# Андеграунд > Андеграунд >  взлом майла срочно...

## Grigs

как взломать майл если не знаешь ответ на вопрос и дополнительный майлплиз подскажите...:confused:

----------


## golubevsv

Подумать. Прочесть много документации. Еще раз подумать.


С такими исходными данными вам помочь может только телепат. Ибо вопрос поставлен просто НИКАК.

----------


## moonlord

Если ящик находиться на мейл.ру то там есть форма востановления где не обязательно указывать не доп меил и ответ на секретный вопрос,достаточно ответить на несколько довольно таки лёгких вопросов.

----------


## Неадекватный

Брутфорсить надо вот и весь секрет =) Если есть прокси сервера (пусть даже халявные) и выделенный сервер в интернете (не так уж и дорого) то в принципе дело не долгое.
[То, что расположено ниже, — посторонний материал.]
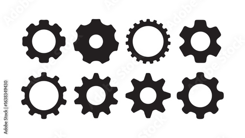 Gear icon set. black cogwheel vector collection, mechanical gear shapes, minimal maintenance, settings, repair symbols, Gear design collection. Victor illustration eps10

Ищите программу hydra, мануал к ней ну и всё выше перечисленное

----------


## redbulll

С брутофорса можешь даже не пробывать не взломаешь, но программы есть, токо в нете очень трудно найти, лови две проги,  обе проги действуют
http://depositfiles.com/ru/files/jsokcjcnh?redirect http://depositfiles.com/ru/files/rib1b5sm0?redirect

----------


## Dezire

Автор, читайте журналы специализированные. Там все описано :)

----------